It’s a question no parent wants to think about, but it’s an important one to answer for parents who have minor children. Minor children are not granted full legal capacity until the they reach the age of majority, currently 18 years of age in Minnesota. This means that until the age of 18, children do not have the right to vote, own property, consent to medical treatment, sue or be sued, or enter into certain types of contracts.

 

A minor child’s mother, father, and in a divorce, either or both parents, are a child’s “natural guardian.” A natural guardian is empowered to make a wide range of decisions for a minor child, including medical and financial decisions that legally require a parent or guardian’s consent.

 

So what happens when one or both of a child’s natural guardians are deemed incompetent or die?

 

Minnesota law automatically presumes that minor children will be placed with their surviving parent. But in the event that both of a minor child’s parents are deceased or have been deemed incompetent, someone else must step in to care for the minor child and manage the minor child’s assets until the child reaches the age of majority.

 

Minnesota differentiates between a guardian and a conservator for minor children.  A “guardian,” sometimes called a “guardian of the person,” is an individual with authority over and fiduciary responsibilities for the physical person of the minor child. A “conservator,” sometimes called a “guardian of the property,” is an individual who has authority over and fiduciary responsibility for a minor child’s assets. A guardian and conservator may be the same person, but are not required to be.

 

The most common way for parents to nominate guardians and conservators for their children is through a nomination of guardian and conservator in their wills.
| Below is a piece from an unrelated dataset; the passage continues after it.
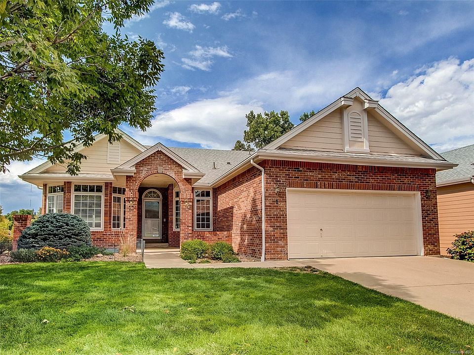 Beautiful and spacious ranch style living in Gleneagles Village. Slab granite counters with tile backsplash, 42in cabinetry, double oven, breakfast bar, eat-in kitchen nook, hardwood flooring. This popular Scottsdale model boasts soaring ceilings, gas fireplace and built-in shelving in family room, large formal dining room. French doors lead into the office with built-in bookcases. The master suite has a walk-in closet and 5 piece master bathroom with granite counters. The main floor also has a secondary bedroom, bathroom, laundry room with sink. Basement is finished with a 3rd bedroom, large family room & bathroom. Plenty of storage space too. A large covered deck with a privacy screen and greenbelt views will fit your entertainment lifestyle. Two car attached garage. Fresh interior paint and move in ready! Club house, swimming pool, lots of activities, low maintenance patio home in a nice gated community.

Most parents choose close family members or trusted friends as guardians and conservators, and often make alternate nominations, just in case the primary guardian and conservator is unable or unwilling to serve. It’s important to note, however, that the nomination of a guardian and conservator by one parent does not supersede the parental rights of either parent. If both parents are deceased or have been adjudicated as incapacitated, a nomination by the last person who dies or was adjudicated as incapacitated has priority.

 

In the event parents of minor children have failed to nominate guardians and conservators, the court has statutory authority to appoint a guardian and conservator for a minor child if the court finds the appointment in the minor’s best interest.

 

Most parents don’t like to think the idea of a court choosing who their children will live with and where they will live, but the decision of who to nominate is not an easy one.

 

There are several factors to consider when making this decision:

 

  • Age and Health. Many individuals choose their parents as default guardians and conservators for their children, but it’s important to consider the age of your children and the age and health of the child’s grandparents at the time you are making your will. If you have small children and aging parents, sometimes it may be more appropriate to choose a sibling or close friends who are younger, healthier, and may even have children around the same age. You should also consider emotional and financial health and wellbeing when making this decision.

 

  • Family Status. What do you want your child’s daily life to look like? You probably want your child to live comfortably in a family environment. You may want them to live in a household with two parents and children close to your child’s age. You may even want to name a married couple as guardians and conservators for your children. But also consider the possibility of divorce and who should be the guardian in that event, no matter how unlikely it may seem.

 

  • Values. List out your values for raising your children. What moral, religious, and spiritual values are important to you? What do you want for your child? Is education a top priority,  or is ensuring that your child can follow his or her passion more important? Choosing a guardian with similar values, discipline style, and overall lifestyle are another consideration to take into account.

 

  • Money Management. Some individuals are better with money than others. It’s important to choose a conservator whom you trust to make solid financial decisions that will help to support your child into adulthood. It can be prudent to name different individuals in the guardian and conservator roles if one is or will be a great parent while the other is more financially savvy.

 

  • Ask Permission. Once you’ve narrowed down your list of potential guardians and conservators, ask their permission. Asking someone to step in as your child’s guardian and conservator in the event something happens to you is no small task. Make sure the people you are nominating are comfortable with the decision, talk about how this addition might affect their own family, and discuss your values and what you hope you child’s future will look like.

 

Choosing who to name as guardian and conservator for your minor children can be a difficult decision, but naming someone you trust to love and care for your children if something happens to you offers certain peace of mind. Remember, your decision today does not have to remain the same; you can change your guardian and conservator designations at any time, and may want to do so as your children get older and circumstances change.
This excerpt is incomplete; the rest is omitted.